■ Dataset excerpt ■
▬▬▬▬▬▬▬▬▬▬

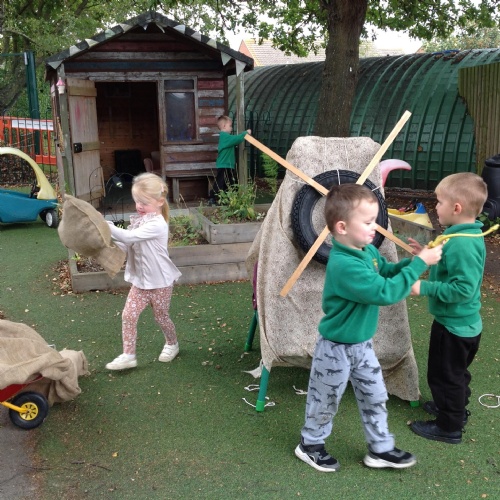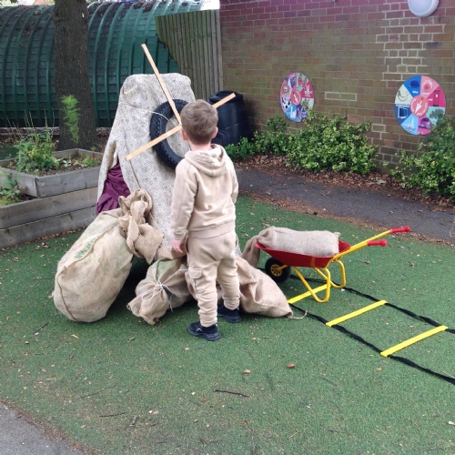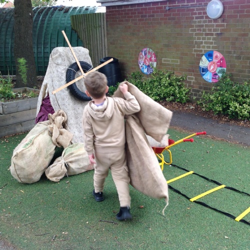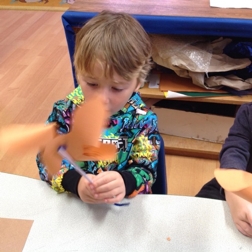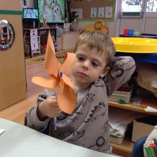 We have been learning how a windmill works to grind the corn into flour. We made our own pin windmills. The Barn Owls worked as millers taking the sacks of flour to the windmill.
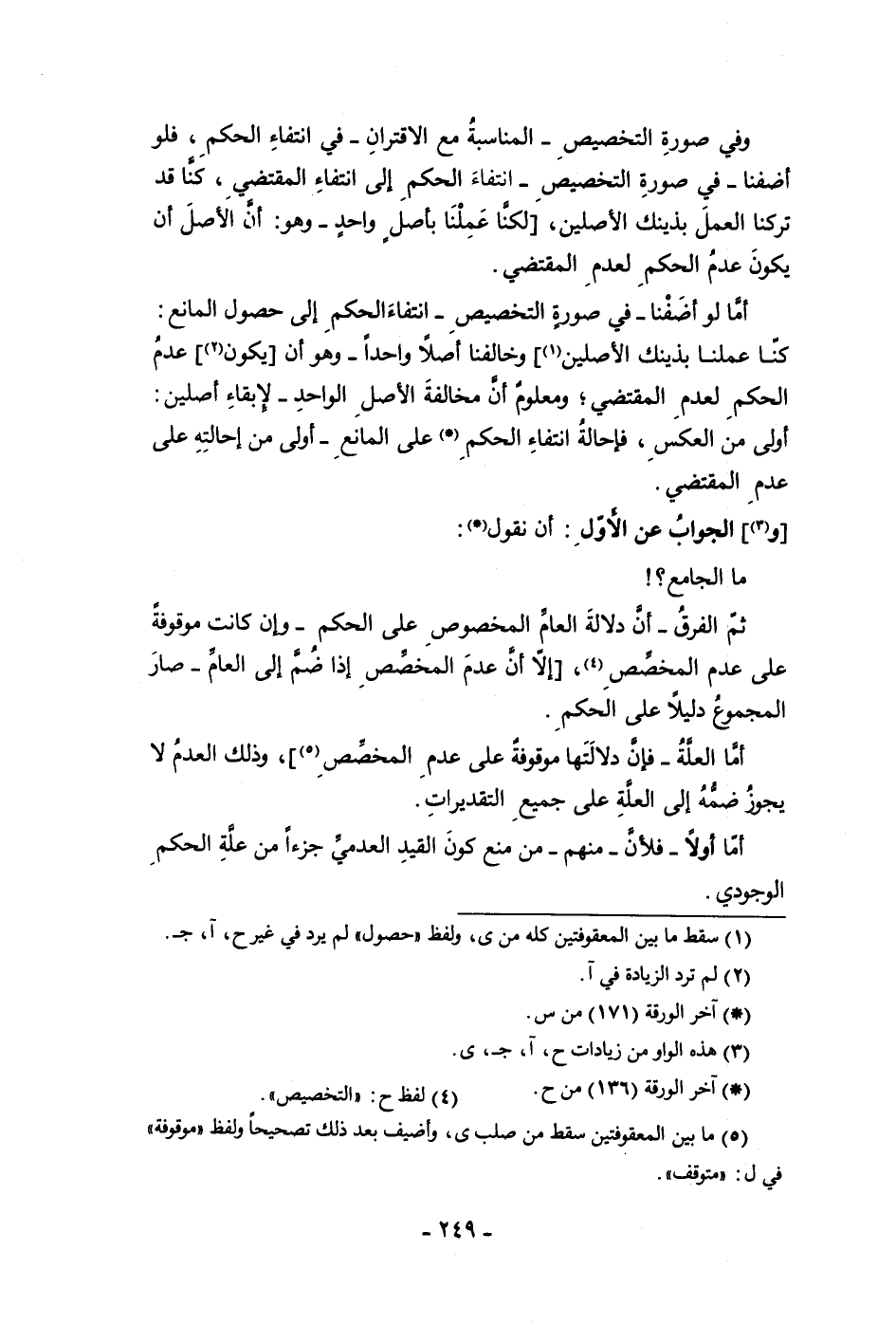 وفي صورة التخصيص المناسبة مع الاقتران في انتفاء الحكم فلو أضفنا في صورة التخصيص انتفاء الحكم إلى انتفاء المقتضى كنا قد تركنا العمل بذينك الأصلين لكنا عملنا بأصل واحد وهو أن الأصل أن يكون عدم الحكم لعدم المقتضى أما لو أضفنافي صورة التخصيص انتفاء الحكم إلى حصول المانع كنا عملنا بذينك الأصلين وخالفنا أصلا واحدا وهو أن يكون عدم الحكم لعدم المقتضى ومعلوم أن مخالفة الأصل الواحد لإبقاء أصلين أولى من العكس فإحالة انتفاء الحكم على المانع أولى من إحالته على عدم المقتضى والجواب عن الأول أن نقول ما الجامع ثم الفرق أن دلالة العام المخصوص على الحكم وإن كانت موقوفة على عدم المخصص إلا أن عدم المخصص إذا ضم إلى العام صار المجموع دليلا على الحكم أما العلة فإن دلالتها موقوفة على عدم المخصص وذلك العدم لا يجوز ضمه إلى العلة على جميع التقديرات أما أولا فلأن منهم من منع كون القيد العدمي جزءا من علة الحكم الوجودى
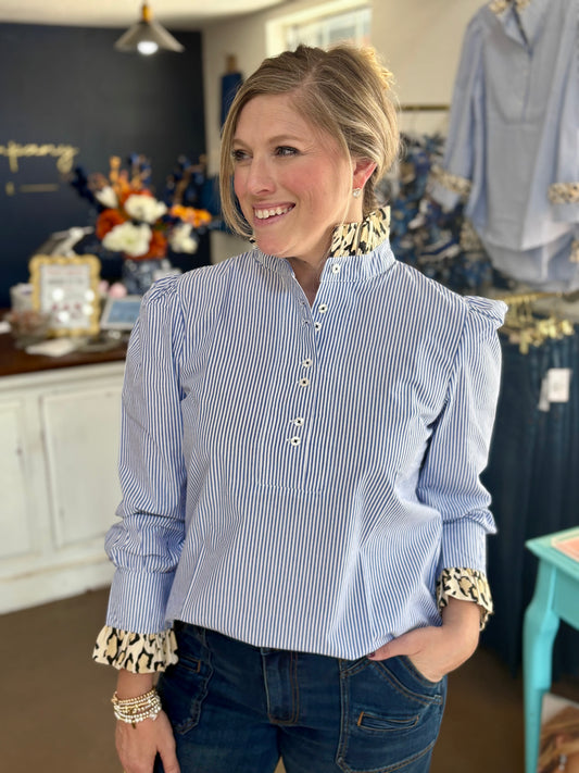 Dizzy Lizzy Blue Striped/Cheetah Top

▬▬▬▬▬▬▬▬▬▬

■ What needs to be done ■
What is needed is an exact transcription of the lines from the one holding "وفي صورة التخصيص" to the end of the data, with every picture left out.

■ Task answer ■
 وفي صورة التخصيص المناسبة مع الاقتران في انتفاء الحكم فلو أضفنا في صورة التخصيص انتفاء الحكم إلى انتفاء المقتضى كنا قد تركنا العمل بذينك الأصلين لكنا عملنا بأصل واحد وهو أن الأصل أن يكون عدم الحكم لعدم المقتضى أما لو أضفنافي صورة التخصيص انتفاء الحكم إلى حصول المانع كنا عملنا بذينك الأصلين وخالفنا أصلا واحدا وهو أن يكون عدم الحكم لعدم المقتضى ومعلوم أن مخالفة الأصل الواحد لإبقاء أصلين أولى من العكس فإحالة انتفاء الحكم على المانع أولى من إحالته على عدم المقتضى والجواب عن الأول أن نقول ما الجامع ثم الفرق أن دلالة العام المخصوص على الحكم وإن كانت موقوفة على عدم المخصص إلا أن عدم المخصص إذا ضم إلى العام صار المجموع دليلا على الحكم أما العلة فإن دلالتها موقوفة على عدم المخصص وذلك العدم لا يجوز ضمه إلى العلة على جميع التقديرات أما أولا فلأن منهم من منع كون القيد العدمي جزءا من علة الحكم الوجودى
 Dizzy Lizzy Blue Striped/Cheetah Top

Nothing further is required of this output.